Stability of many plant-derived colors can create formulation problems. Fortunately, manufacturers have improved and optimized the stability in various applications. “Because natural colors are extracted from natural sources, the actual raw materials are very critical,” says Madkins. Factors such as the region, the climate, the environment and the cultivar all impact the colors’ shade, strength and overall stability in the final application.
Matching the proper application to the color is a must. Anthocyanin-based colors (elderberry, black carrot, red cabbage, aronia, grape, etc.) are pink to red shades in acidic environments, but shift to blue or purple at a neutral pH. Paprika extract, however, which owes its reddish hue to carotenoids, is stable through a 2 to 10 pH range, but not to light. “Special packaging is needed for any color that is specifically light sensitive,” says Madkins. “Turmeric, in its emulsified form, is not very light-stable, and thus, opaque packaging should be utilized,” unless using a microencapsulated form “that is completely light-stable.”
Madkins also mentions techniques, such as emulsification or encapsulation, that can enhance or extend natural-color stability. “We do not want to alter or change the natural color in any way, so these are the types of formulation concepts that would most likely be utilized, “he says. “We also are looking at ways in which the stability can be further enhanced by taking advantage of physical interactions of the color with other colors or with some ingredient in the finished product. A perfect example of this is the fact that annatto binds to the protein in cheese and does not wash away with the whey. This makes annatto the most-suitable colorant, natural or synthetic, to color cheese, as well as provides a very stable finished product and desirable shade in the end.” New sources of natural colors can provide additional benefits, including new shades, improved performance and increased stability, he adds.
However, “increased shelf-stability of natural colors is generally not universal, but rather dependent upon the requirements of a specific application,” Lauro points out, “hence, the increased market penetration of natural colors over the past five years. Improved blending of naturally derived colorants to maximize attributes helps to improve stability compared to using a straight―single―natural colorant.”
Southampton Stirs Up Color Controversy
The hue and cry against artificial colors ratcheted up a notch with the “Southampton Study” (McCann, D. et al, “Food additives and hyperactive behaviour in 3-year-old and 8/9-year-old children in the community: a randomised, double-blinded, placebo-controlled trial,” The Lancet, published online Sept. 6, 2007 (DOI:10.1016/S0140-6736(07)61306-3). The study examined the effects of tartrazine, sunset yellow, and carmoisine and ponceau 4R (both banned in the United States), plus sodium benzoate on 153 children in the two age groups.

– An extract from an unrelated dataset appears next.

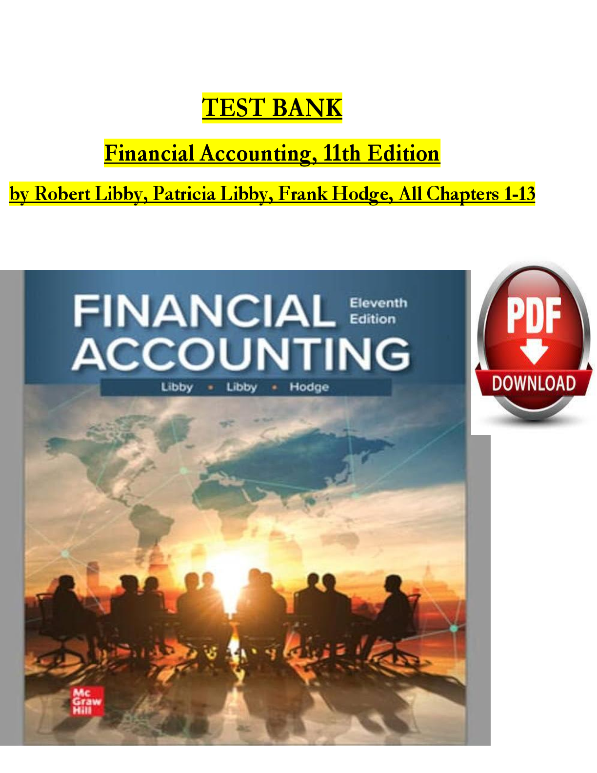 Financial Accounting > TEST BANKS > Test Bank for Financial Accounting, 11th Edition by Robert Libby, Patricia Libby & Frank Hodge | ISBN: 9781265083922 | Complete Verified Chapters 1-13 | Downloadable PDF

Some were given a mixture of all four colorings, a second group was given the four-color mixture, plus sodium benzozte, while the third group received a placebo. Researchers said the older children showed a “signficantly adverse effect” from both mixes, but the adverse reaction of 3-year-olds was rated significant only for the first mix.

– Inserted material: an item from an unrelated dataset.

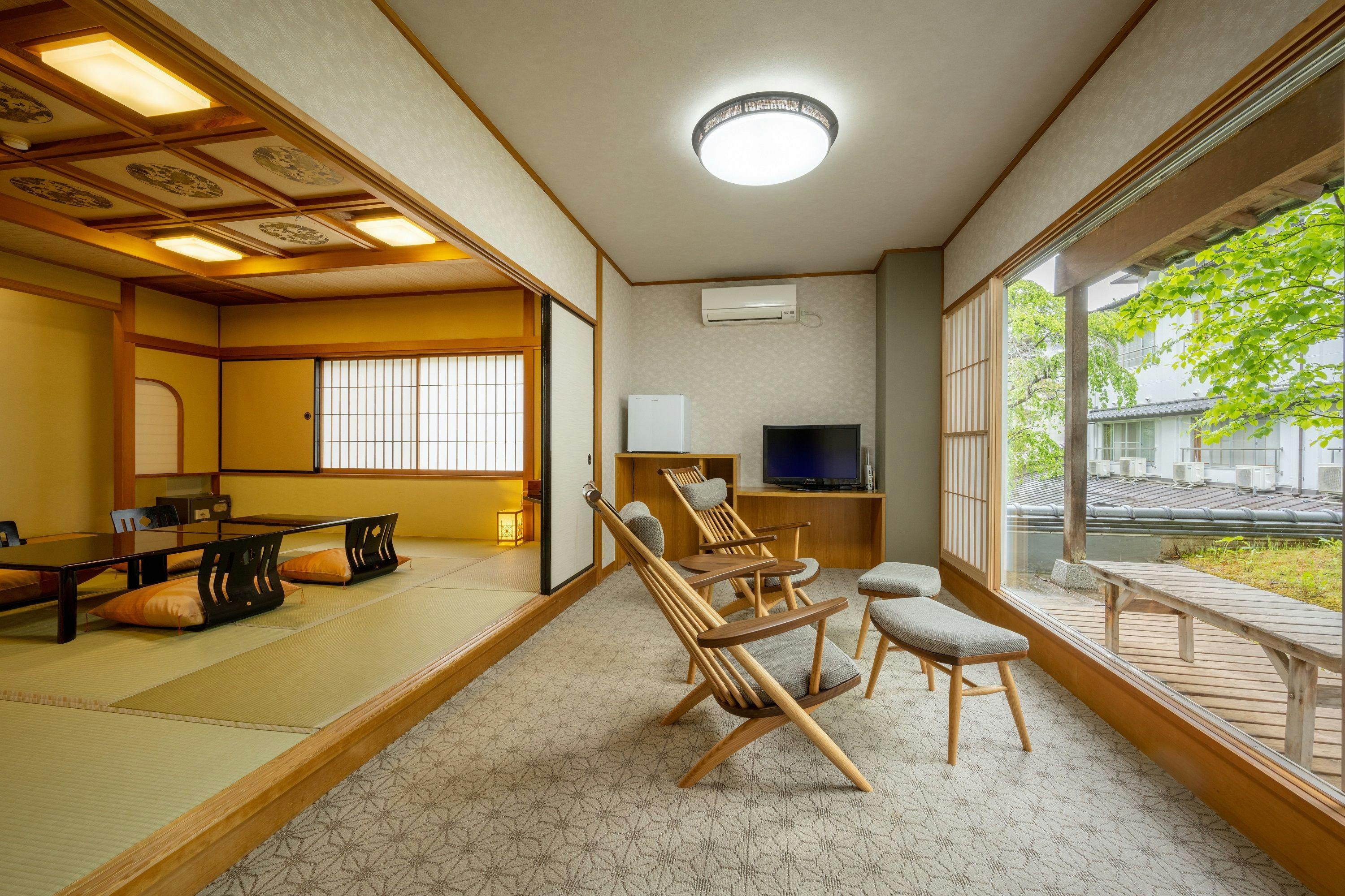 和室+リビングルーム+ベッドルーム(シモンズのツイン)で、6名定員のゆったりと過ごせるお部屋です。お部屋には専用の坪庭がついています。

Paul Illing, a toxicologist and fellow of the Royal Society of Chemistry, London, said in an Associated Press report about the study that it “shows some statistical associations, (but) it is not a demonstration of cause and effect,” and that the connection needed further study. The Center for Science in the Public Interest, Washington, D.C., has formally petitioned FDA to require a warning label on foods that contain any of the eight approved artificial FD&C colors and has considered requesting a ban on the colors.